[Stored data entries]
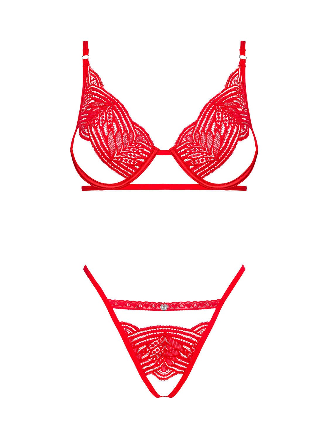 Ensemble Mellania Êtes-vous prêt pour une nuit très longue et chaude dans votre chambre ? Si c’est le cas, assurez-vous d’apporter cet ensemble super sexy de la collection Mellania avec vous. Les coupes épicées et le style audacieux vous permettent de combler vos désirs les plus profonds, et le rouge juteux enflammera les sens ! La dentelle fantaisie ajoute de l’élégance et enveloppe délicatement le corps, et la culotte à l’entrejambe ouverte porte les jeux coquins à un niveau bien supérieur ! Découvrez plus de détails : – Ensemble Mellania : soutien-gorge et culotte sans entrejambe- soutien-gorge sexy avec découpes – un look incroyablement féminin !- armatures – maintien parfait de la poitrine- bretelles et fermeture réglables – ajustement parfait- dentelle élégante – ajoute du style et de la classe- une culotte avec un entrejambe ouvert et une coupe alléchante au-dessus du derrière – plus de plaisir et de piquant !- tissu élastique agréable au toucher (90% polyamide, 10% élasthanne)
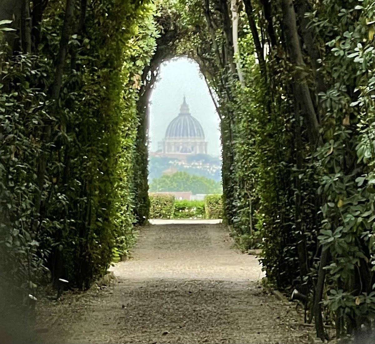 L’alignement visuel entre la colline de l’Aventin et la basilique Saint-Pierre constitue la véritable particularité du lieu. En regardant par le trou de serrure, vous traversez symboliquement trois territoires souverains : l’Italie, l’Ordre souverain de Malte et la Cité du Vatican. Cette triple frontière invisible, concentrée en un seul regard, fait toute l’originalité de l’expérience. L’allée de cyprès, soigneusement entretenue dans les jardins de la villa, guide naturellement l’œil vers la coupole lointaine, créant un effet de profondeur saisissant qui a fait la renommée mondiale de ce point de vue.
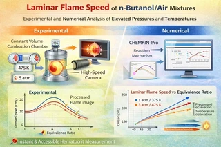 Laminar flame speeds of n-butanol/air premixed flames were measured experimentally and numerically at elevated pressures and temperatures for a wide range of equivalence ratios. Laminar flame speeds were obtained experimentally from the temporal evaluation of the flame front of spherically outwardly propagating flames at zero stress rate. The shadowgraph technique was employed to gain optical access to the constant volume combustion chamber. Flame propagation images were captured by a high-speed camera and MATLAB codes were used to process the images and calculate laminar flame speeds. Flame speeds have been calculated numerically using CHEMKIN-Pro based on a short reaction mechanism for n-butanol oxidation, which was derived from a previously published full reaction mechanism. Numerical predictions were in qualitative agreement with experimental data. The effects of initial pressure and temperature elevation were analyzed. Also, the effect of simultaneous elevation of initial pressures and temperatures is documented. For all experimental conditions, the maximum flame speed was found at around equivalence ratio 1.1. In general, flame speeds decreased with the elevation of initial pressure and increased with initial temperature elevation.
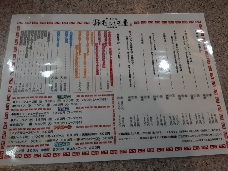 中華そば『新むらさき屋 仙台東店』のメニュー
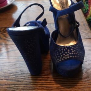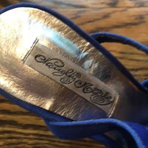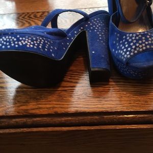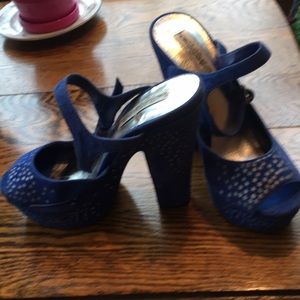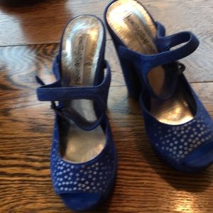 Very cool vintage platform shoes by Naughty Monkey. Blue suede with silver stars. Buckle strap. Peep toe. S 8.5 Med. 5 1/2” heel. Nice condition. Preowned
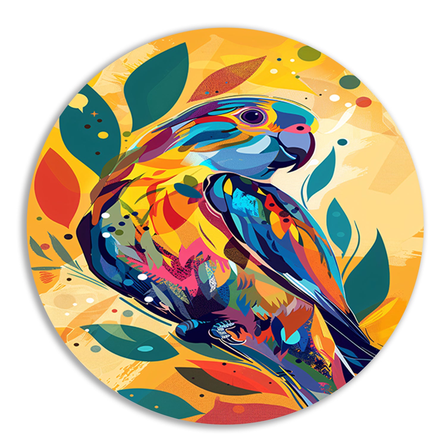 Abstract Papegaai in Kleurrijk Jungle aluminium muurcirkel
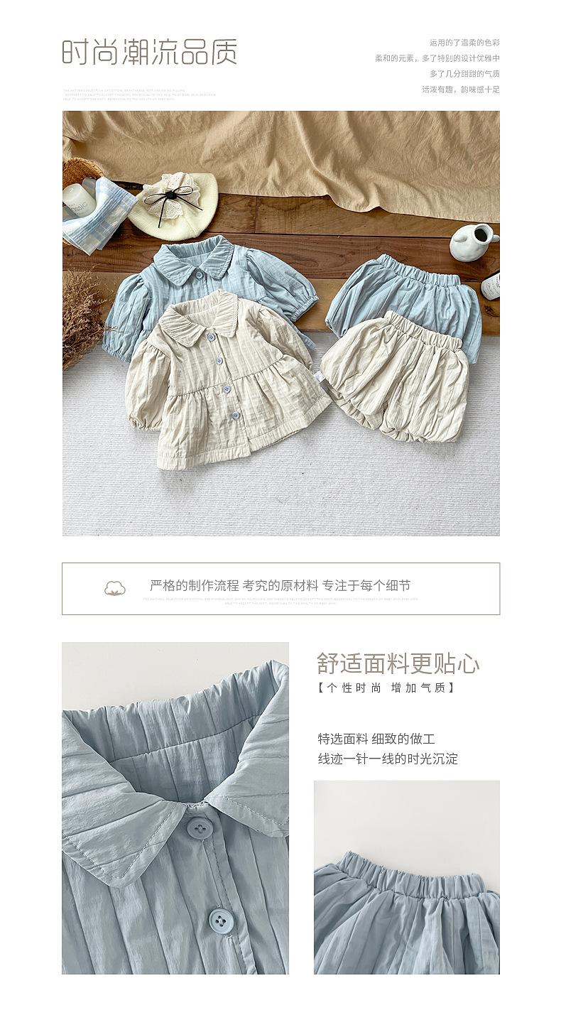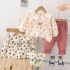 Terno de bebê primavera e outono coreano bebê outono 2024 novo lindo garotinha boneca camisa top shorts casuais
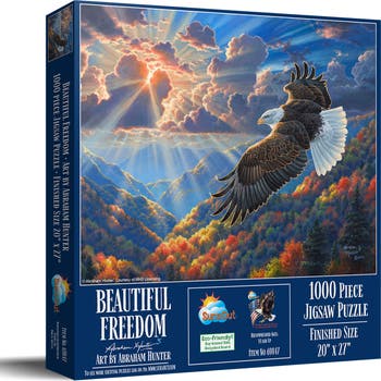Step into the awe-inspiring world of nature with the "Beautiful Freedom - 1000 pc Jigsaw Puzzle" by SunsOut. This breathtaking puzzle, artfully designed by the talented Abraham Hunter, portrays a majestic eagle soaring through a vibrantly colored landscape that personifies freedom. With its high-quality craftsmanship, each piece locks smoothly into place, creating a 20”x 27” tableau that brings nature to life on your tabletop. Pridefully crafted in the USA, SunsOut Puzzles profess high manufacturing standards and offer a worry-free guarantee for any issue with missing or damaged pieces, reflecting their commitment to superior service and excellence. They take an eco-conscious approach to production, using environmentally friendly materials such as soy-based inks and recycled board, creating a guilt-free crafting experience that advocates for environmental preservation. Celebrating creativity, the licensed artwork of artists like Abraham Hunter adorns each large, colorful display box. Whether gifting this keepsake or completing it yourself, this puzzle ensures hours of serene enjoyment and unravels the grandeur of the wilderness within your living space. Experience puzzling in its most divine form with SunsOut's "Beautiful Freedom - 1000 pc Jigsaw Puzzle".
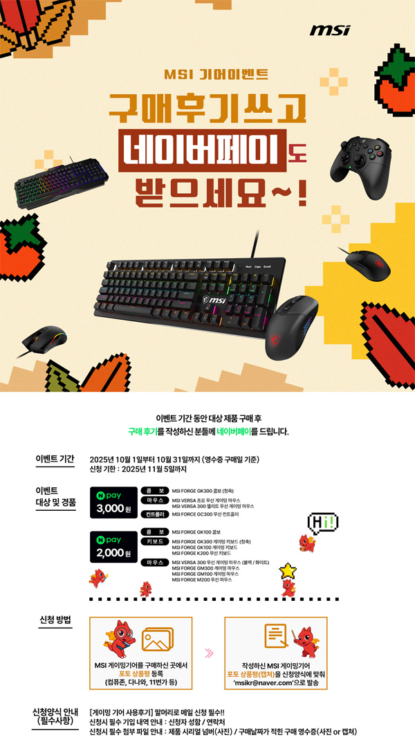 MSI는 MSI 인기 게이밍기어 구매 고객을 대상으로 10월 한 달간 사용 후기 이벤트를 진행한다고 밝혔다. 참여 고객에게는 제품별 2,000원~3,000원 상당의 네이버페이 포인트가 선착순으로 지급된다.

▸ Prompt
In the data above, find the line with "中華そば『新むらさき屋 仙台東店』のメニュー" and the line with "Step into the". Please copy exactly those two lines and every line between them, but not the pictures.

▸ Exercise solution
 中華そば『新むらさき屋 仙台東店』のメニュー
 Very cool vintage platform shoes by Naughty Monkey. Blue suede with silver stars. Buckle strap. Peep toe. S 8.5 Med. 5 1/2” heel. Nice condition. Preowned
 Abstract Papegaai in Kleurrijk Jungle aluminium muurcirkel
 Terno de bebê primavera e outono coreano bebê outono 2024 novo lindo garotinha boneca camisa top shorts casuais
Step into the awe-inspiring world of nature with the "Beautiful Freedom - 1000 pc Jigsaw Puzzle" by SunsOut. This breathtaking puzzle, artfully designed by the talented Abraham Hunter, portrays a majestic eagle soaring through a vibrantly colored landscape that personifies freedom. With its high-quality craftsmanship, each piece locks smoothly into place, creating a 20”x 27” tableau that brings nature to life on your tabletop. Pridefully crafted in the USA, SunsOut Puzzles profess high manufacturing standards and offer a worry-free guarantee for any issue with missing or damaged pieces, reflecting their commitment to superior service and excellence. They take an eco-conscious approach to production, using environmentally friendly materials such as soy-based inks and recycled board, creating a guilt-free crafting experience that advocates for environmental preservation. Celebrating creativity, the licensed artwork of artists like Abraham Hunter adorns each large, colorful display box. Whether gifting this keepsake or completing it yourself, this puzzle ensures hours of serene enjoyment and unravels the grandeur of the wilderness within your living space. Experience puzzling in its most divine form with SunsOut's "Beautiful Freedom - 1000 pc Jigsaw Puzzle".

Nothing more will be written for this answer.